Exactly how the call-in powers will be used requires a statement from the Secretary of State for Business, Energy and Industrial Strategy (BEIS). A revised draft of that statement – known as the ‘Section 3 Statement’ – was published in July, and the government asked for industry views in a consultation which closed at the end of August.
The result of that consultation will be crucial to the property industry if we are to avoid market disruption and transactional delays.
The ability to pre-clear a transaction
As currently drafted, the Statement is a high-level overview of what sorts of acquisition will command government intervention. The Secretary of State has said he intends to use his powers rarely, but equally these are new regulations without precedent in the UK. Nobody will know from day to day what could be a threat to national security and in the government’s mind. The Act gives the Secretary of State very wide powers where it decides there is a threat to national security which could include unwinding a transaction after it has happened or imposing conditions on it which could be costly. It is not clear how any costs would be met or the extent to which compensation will be available for the effects of such intervention.
With that in mind, the Statement needs more specific guidance for land transactions to avoid confusion and unintended consequences.
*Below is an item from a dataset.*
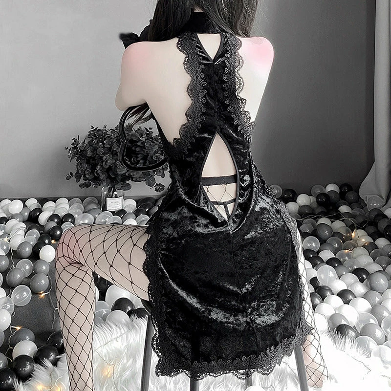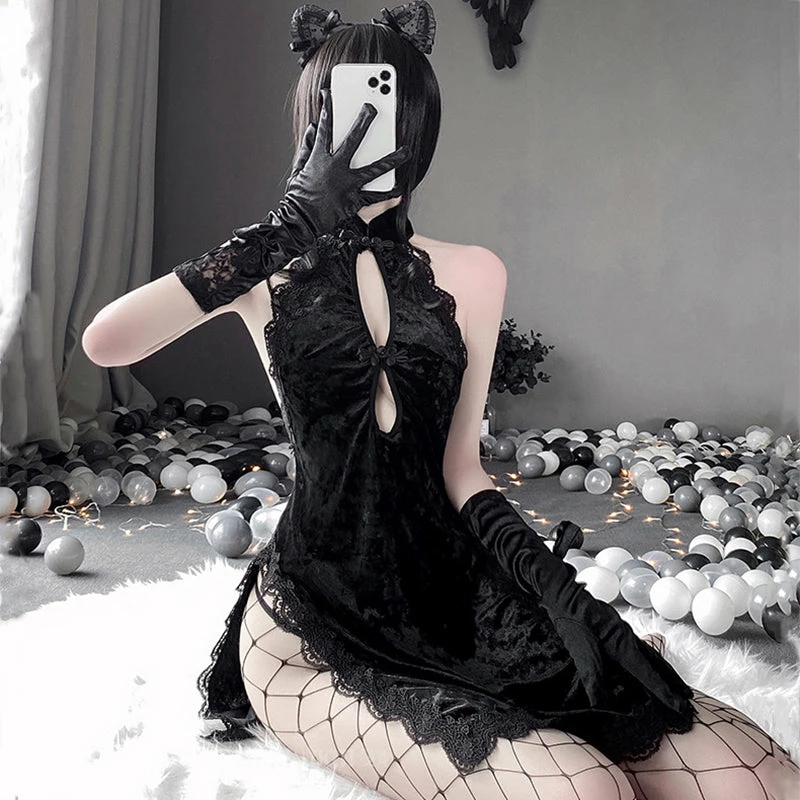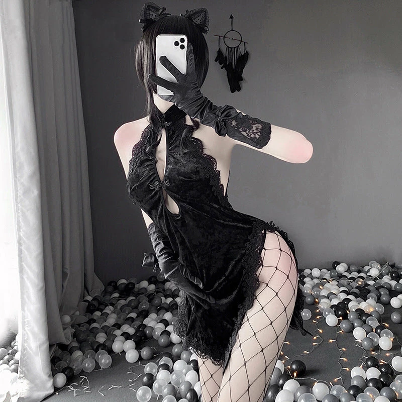 Color classification: cheongsam + t pants + fishnet socks

Without this, many buyers or sellers of land will choose to ‘pre-clear’ potentially affected transactions under the Act through voluntary notification to BEIS. Indeed, their secured lenders and financers may insist on it to be sure that the transaction will complete and not be upset down the line.
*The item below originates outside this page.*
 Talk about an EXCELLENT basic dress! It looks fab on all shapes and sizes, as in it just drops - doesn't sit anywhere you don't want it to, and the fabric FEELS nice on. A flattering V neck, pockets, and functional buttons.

That could lead to significantly more work than BEIS and its specialist teams are anticipating as buyers and sellers will err on the side of caution if they fear they could be caught out.
Before transactions can happen, additional due diligence of the site and the land and activities carried on it and around it is going to become a standard part of a buyer’s preparation, which threatens to add significant costs to certain types of land and could negatively affect values. Advisers will need to be prepared for their clients’ needs on this.
Clearer examples needed
Being thorough doesn’t need to be onerous, and there are points which the government can include in its updated Statement to provide a much more transparent picture of how the call-in powers will be used.
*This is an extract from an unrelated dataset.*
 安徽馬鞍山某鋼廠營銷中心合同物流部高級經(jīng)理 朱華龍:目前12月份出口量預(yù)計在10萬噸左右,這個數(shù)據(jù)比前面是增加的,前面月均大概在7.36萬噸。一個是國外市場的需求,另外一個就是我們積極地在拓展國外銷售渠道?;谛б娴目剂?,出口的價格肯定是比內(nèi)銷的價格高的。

We need a clearer description of ‘land’ which is not defined. Examples beyond freehold and leasehold properties would be useful – previous guidance has mentioned rights of way, but what about mineral rights, or areas covered by the sea?
There is also guidance that acquiring land near certain sensitive sites could be considered a risk, but little detail. Understandably, the government won’t want to tie its hands with a definitive list, but currently it only refers to ‘critical national infrastructure sites or government buildings’. Specific examples or categories would immediately improve the guidance and remove any subjectivity. Proximity is also a question – how near is near? Without a clear answer there is a risk of undermining land values in areas close to sensitive sites, with knock on effects for the broader market.
More guidance on the risk assessment process as applied to land acquisitions is needed. This is to be based on defined risk categories which are looked at together. The statement identifies as a risk, acquirers that are considered potentially dangerous (relatively straightforward) – but it also includes the way a site is to be used or controlled (less so).
We need more detail, as there are day-to-day circumstances under which the government could potentially intervene. For example, where a landlord plans to operate its own security and surveillance systems on an industrial estate which houses a sensitive site, does that become a risk? Leases give landlords certain controls and rights to enter or forfeit – could these be an issue for sensitive sites?
Certainty is important
The government’s intention is that the Act should not interfere with most property transactions, but without more detail buyers will be understandably cautious. After all, how are they supposed to decide what is a threat to national security at any given time? Will they always know if they are close to a sensitive site?
Certainty is a valuable commodity, and unless the government can give it to the industry, then the industry will be proactive in taking it by pre-clearing deals – something which could give BEIS more work than it was anticipating or for which it has resources. That could be very disruptive for the property world.